# New member from Bannockburn



## CavityandLacey (Jun 2, 2015)

Hello,   I have just bought my first motorhome and returned from a week in wales on Caravanning and Camping club sites.  I quickly realised they don't suit me or my two spaniels who i walk off lead in the woods or on the beach.   I think wild camping is the way ahead for me, although I lost the will to live trying to find somewhere in Wales for our last night and drove home early.  

would joining as a full member and downloading the POI's to the sat nav be a good idea for me so that i can find some places to camp and let the dogs off their leads in appropriate places?

Any help or advice would be great as i would like to get away most weekends and I have a week off in august to sort out a trip.   I will mainly be staying in scotland. 

thanks


----------



## Sharon the Cat (Jun 2, 2015)

The membership is worth every penny. You will get access to the POIs of which there are plenty.
Had you had the POIs when in Wales you wouldn't have been disappointed.
Go mad, spend the money!
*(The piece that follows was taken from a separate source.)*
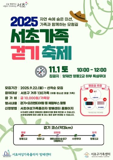 (포탈뉴스통신) 서울 서초구는 서초여성가족플라자 방배센터, 서초구 가족센터와 함께 11월 1일 서울의 대표적인 생태하천인 양재천에서 ‘2025 서초가족 걷기 축제’를 개최한다고 밝혔다.

You won't look back.


----------



## maingate (Jun 2, 2015)

Have a look at the C&CC THS (Temporary Holiday Sites). We have 5 dogs and use them as there are usually good dog walking areas nearby. We have been to 3 on this trip. Montrose (old airfield, brilliant for the dogs), Bridge of Allan (good dog walk by the river) and now at Peebles (again, no problem with the dogs). We have also wilded but it is nice to have a few days in one place and meet up with friends. They average around £7 - £8 a night and are more informal than proper sites (unless run by the BCC {British Caravanners Club section}). :lol-061:


----------



## Jimhunterj4 (Jun 2, 2015)

You won't regret joining mate the poi's are a godsend, go ahead just do it, all your needs for you and your dog will be sorted


----------



## Deleted member 21686 (Jun 2, 2015)

Welcome to the forum.
There are many many places in Wales to park up free.


----------



## phillybarbour (Jun 2, 2015)

Hi and welcome to the site, best £20 you'll spend this year if you want to wil and you decide to join.


----------



## CavityandLacey (Jun 2, 2015)

*Thank you*

Thank you everyone for each of your replies - full membership seems to be the way ahead but I will also look at the Temp sites with the caravan club as i have a 12 month membership which i thought was going in the bin


----------



## Jimhunterj4 (Jun 3, 2015)

I was 25 years member with the camping and caravan club until I joined here, direct debit cancelled 2 years ago, waste of fekin money, didn't get anything of use from them, discounts etc, my firsts weekend wilding saved me more in 2 nights than any discount from the ccc in 25 years, so go ahead you won't regret it


----------



## champstar (Jun 4, 2015)

Hi and welcome to the wonderful world of motorhoming. I live in Stirling and try to use my van as much as possible mainly wilding these days though I do use the occasional site now and then :scared:

If you are a member of the Camping and caravanning club then look at the DA meets and Temporary Holiday sites(THS). They are sometimes a hit or a miss but most of the ones in Scotland are friendly enough. I used to run a THS up at Benderloch near Oban. If you are new to this world they are a good way to meet people and get hints and tips. They are usually on a field somewhere with water and a toilet dump, basically nearly wilding.
There are also meets organised by this forum but not many in Scotland, The main regular one is up near Loch Ness about twice a year.
The area you are in is great for wilding as just a few minutes drive and you have some good places on tap.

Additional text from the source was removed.